━━ SOURCE MATERIAL ━━
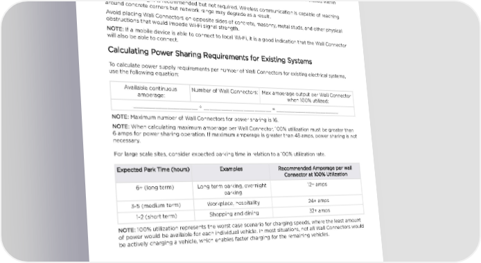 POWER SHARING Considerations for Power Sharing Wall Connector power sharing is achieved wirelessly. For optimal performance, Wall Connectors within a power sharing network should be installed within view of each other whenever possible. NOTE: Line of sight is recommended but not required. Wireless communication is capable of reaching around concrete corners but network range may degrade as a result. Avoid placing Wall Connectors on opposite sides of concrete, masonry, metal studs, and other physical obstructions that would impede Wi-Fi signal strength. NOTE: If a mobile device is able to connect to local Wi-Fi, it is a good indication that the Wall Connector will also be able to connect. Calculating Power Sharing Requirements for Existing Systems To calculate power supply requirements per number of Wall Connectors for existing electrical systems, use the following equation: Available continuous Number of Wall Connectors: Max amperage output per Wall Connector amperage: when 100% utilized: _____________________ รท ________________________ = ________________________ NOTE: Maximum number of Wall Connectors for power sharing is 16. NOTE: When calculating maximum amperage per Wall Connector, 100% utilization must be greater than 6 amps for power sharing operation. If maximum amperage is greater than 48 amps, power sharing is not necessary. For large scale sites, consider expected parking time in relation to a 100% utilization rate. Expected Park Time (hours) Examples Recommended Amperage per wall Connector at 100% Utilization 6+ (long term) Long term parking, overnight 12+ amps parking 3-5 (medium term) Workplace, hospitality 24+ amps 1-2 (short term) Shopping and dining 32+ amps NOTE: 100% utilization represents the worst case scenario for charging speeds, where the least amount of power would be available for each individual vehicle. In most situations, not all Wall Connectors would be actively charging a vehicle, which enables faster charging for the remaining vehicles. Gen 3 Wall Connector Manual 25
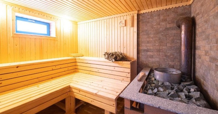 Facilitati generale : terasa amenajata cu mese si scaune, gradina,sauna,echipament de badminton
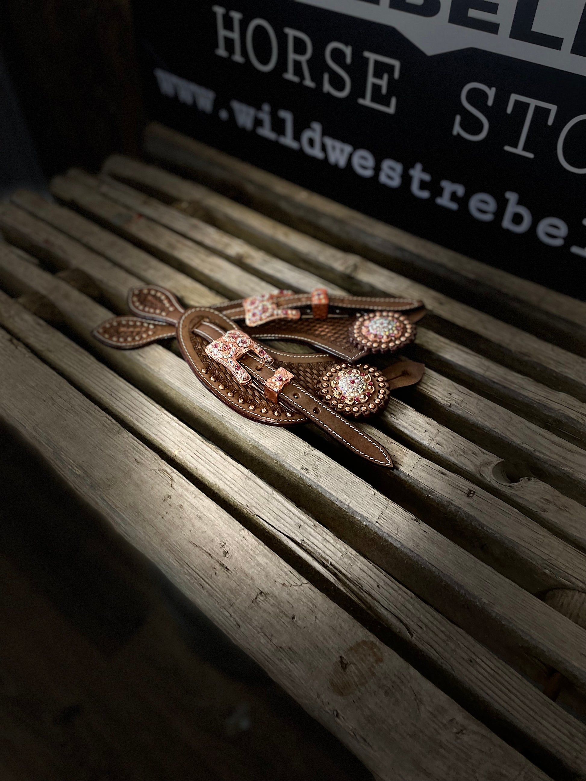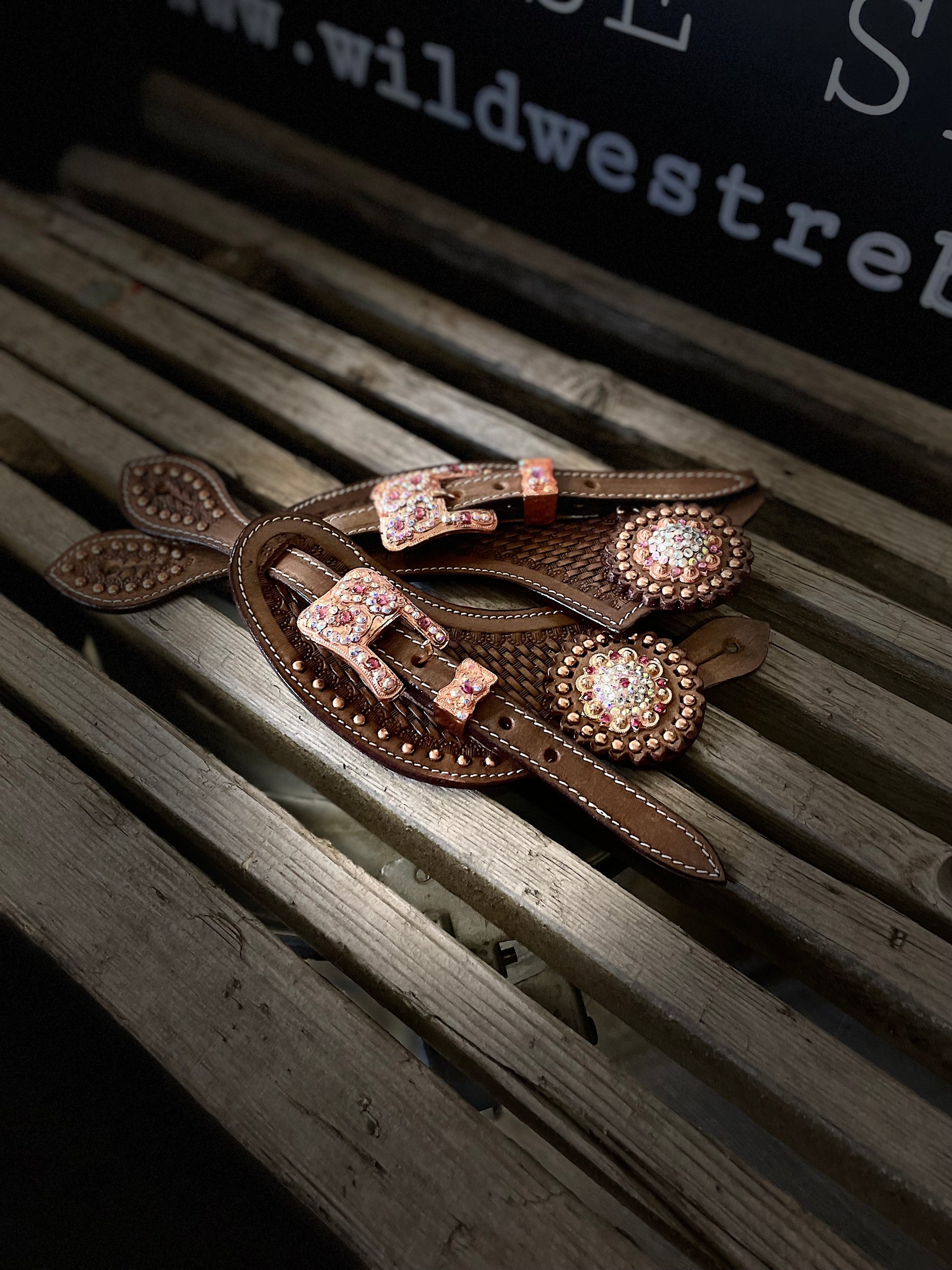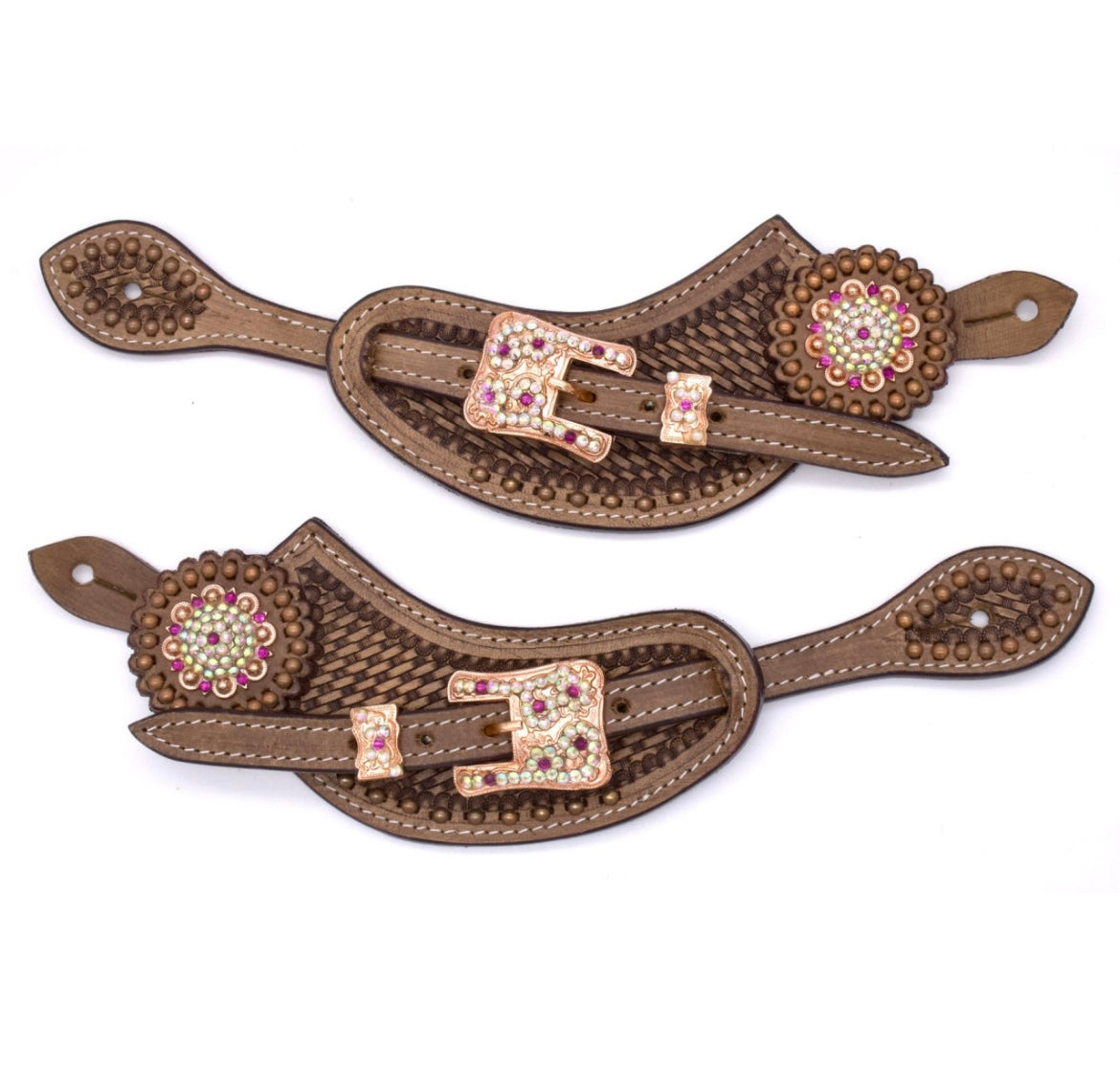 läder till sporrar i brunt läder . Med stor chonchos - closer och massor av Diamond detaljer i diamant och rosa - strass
━━━
Return the complete material exactly as given, excluding images.

 POWER SHARING Considerations for Power Sharing Wall Connector power sharing is achieved wirelessly. For optimal performance, Wall Connectors within a power sharing network should be installed within view of each other whenever possible. NOTE: Line of sight is recommended but not required. Wireless communication is capable of reaching around concrete corners but network range may degrade as a result. Avoid placing Wall Connectors on opposite sides of concrete, masonry, metal studs, and other physical obstructions that would impede Wi-Fi signal strength. NOTE: If a mobile device is able to connect to local Wi-Fi, it is a good indication that the Wall Connector will also be able to connect. Calculating Power Sharing Requirements for Existing Systems To calculate power supply requirements per number of Wall Connectors for existing electrical systems, use the following equation: Available continuous Number of Wall Connectors: Max amperage output per Wall Connector amperage: when 100% utilized: _____________________ รท ________________________ = ________________________ NOTE: Maximum number of Wall Connectors for power sharing is 16. NOTE: When calculating maximum amperage per Wall Connector, 100% utilization must be greater than 6 amps for power sharing operation. If maximum amperage is greater than 48 amps, power sharing is not necessary. For large scale sites, consider expected parking time in relation to a 100% utilization rate. Expected Park Time (hours) Examples Recommended Amperage per wall Connector at 100% Utilization 6+ (long term) Long term parking, overnight 12+ amps parking 3-5 (medium term) Workplace, hospitality 24+ amps 1-2 (short term) Shopping and dining 32+ amps NOTE: 100% utilization represents the worst case scenario for charging speeds, where the least amount of power would be available for each individual vehicle. In most situations, not all Wall Connectors would be actively charging a vehicle, which enables faster charging for the remaining vehicles. Gen 3 Wall Connector Manual 25
 Facilitati generale : terasa amenajata cu mese si scaune, gradina,sauna,echipament de badminton
 läder till sporrar i brunt läder . Med stor chonchos - closer och massor av Diamond detaljer i diamant och rosa - strass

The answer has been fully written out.